RNA-seq data, usually comprising of several thousand genes and transcripts, is challenging to analyse efficiently. To study the involvement of NO-responsive transcription factors in different pathways and cellular processes, we analysed all TFs with their expression values using MapMan version 3.6.0RC1. MapMan is an omics data analysis software that allows visualization of omics data using a hierarchical BIN-based ontology system46.

To study in detail the involvement of NO-responsive TFs, we mapped all the TFs (Q < 0.05) against the already-mapped Arabidopsis database (TAIR 10 Aug 2012) in MapMan. The analysed pathways and cellular processes were then collectively mapped using their BIN and sub-BIN numbers on custom-made images to present in concise and succinct form.

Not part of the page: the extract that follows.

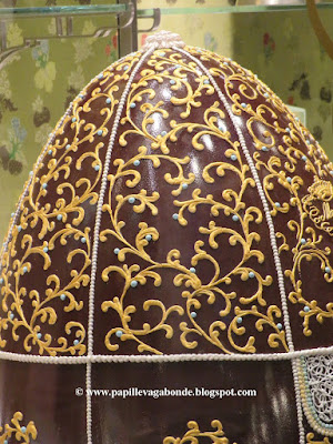 Sono tra le uova più decorate che io abbia visto quest'anno, da una parte c'è il facile riferimento alle decorazione delle Uova di Fabergè dall'altro come mostra il video su Facebook ai colori delle piume dei volatili.

Oxidative and nitrosative stress assay

To examine the role of TFs in oxidative and nitrosative stress tolerance, we selected three different TFs one each from different categories including those involved in defence (RAP2.6; At1g43160 an ERF TF as majority of defence related TFs were related to ERF family), growth and development (DDF1; At1g12610) and secondary metabolite production (MYB48, At3g46130 involved in flavonol biosynthesis) based on their annotation and fold change (all the selected candidates having more than 25 fold change) for studying downstream functions through functional genomics. The mutant lines ddf1, rap2.6, and atmyb48 were genotyped at the rosette leaf stage in order to identify homozygous lines. Arabidopsis WT and all other lines used in the study were of the Col-0 genetic background. Plants were tested for different growth parameters under nitrosative and oxidative stress conditions. All the seeds were surface sterilized and germinated on half-strength MS medium in triplicate, containing 2 mM H2O2 (for oxidative stress) or 1 mM S-nitrocysteine (CySNO) (for nitrosative stress), as described previously58. Data on cotyledon development frequency (CDF), shoot length, and root length were recorded 2 weeks after treatment started. The term CDF was used to mention the number of developed, green seedlings as in case of nitrosative stress seeds of mutants that lack NO scavenging mechanism (e.g atgsnor 1-3) may germinate but cannot survive.

Pathogenicity assessment

The virulent Pseudomonas syringae pv. tomato strain DC3000 and avirulent Pst DC3000 expressing the avrB effector were grown and maintained, as described previously26. Briefly, the bacterial strains were grown on LB (Luria-Bertani)-agar media with appropriate antibiotics for selection (rifampicin for virulent Pst DC3000 and kanamycin and rifampicin for Pst DC3000 (avrB). Following this, 5 mL of liquid culture was made using a single colony in LB broth and incubated at 28 °C overnight. Both bacterial strains were then harvested by centrifugation at 13,000 rpm for 1 min in 10 mM MgCl2, and syringe-infiltrated into the abaxial side of leaves at rosette leaf stage at a concentration of 5 × 105 CFU mL−1. Control plants were only infiltrated with 10 mM MgCl2. Leaf samples (1 cm each) from plants inoculated either with Pst DC3000 or Pst DC3000 (avrB) were collected at two and four days post inoculation (DPI) and crushed in 1 mL of sterile 10 mM MgCl2. The homogenate was diluted by a factor of 10 and spread on LB-agar plates containing appropriate antibiotics. Plates were incubated at 28 °C for 48 h and colonies were counted.

Validation of RNA-seq data through qRT-PCR analysis

To validate the expression level of TF genes that showed differential expression in response to CySNO in RNA-seq mediated transcriptome analysis, we selected representative genes involved in key processes like growth and development, signalling, defence, protein degradation etc. for quantitative real time PCR (qRT-PCR) analysis. A detailed list of the genes and primers is given in supplementary Table S5. For qRT-PCR analysis, RNA was extracted using Trizol (Ambion, Life Technologies USA). The RNA concentration was measured using nanoQ (OPTIZEN Korea), and 2 µg of total RNA with good integrity and purity was used to synthesize cDNA using a DiaStarTM RT Kit (SolGent, Korea). To measure transcript accumulation, a two-step qRT-PCR reaction was performed using the Illumina (USA) EcoTM real time PCR system using a 2× Quantispeed SYBR Kit (PhileKorea) according to the manufacturer’s recommended protocol.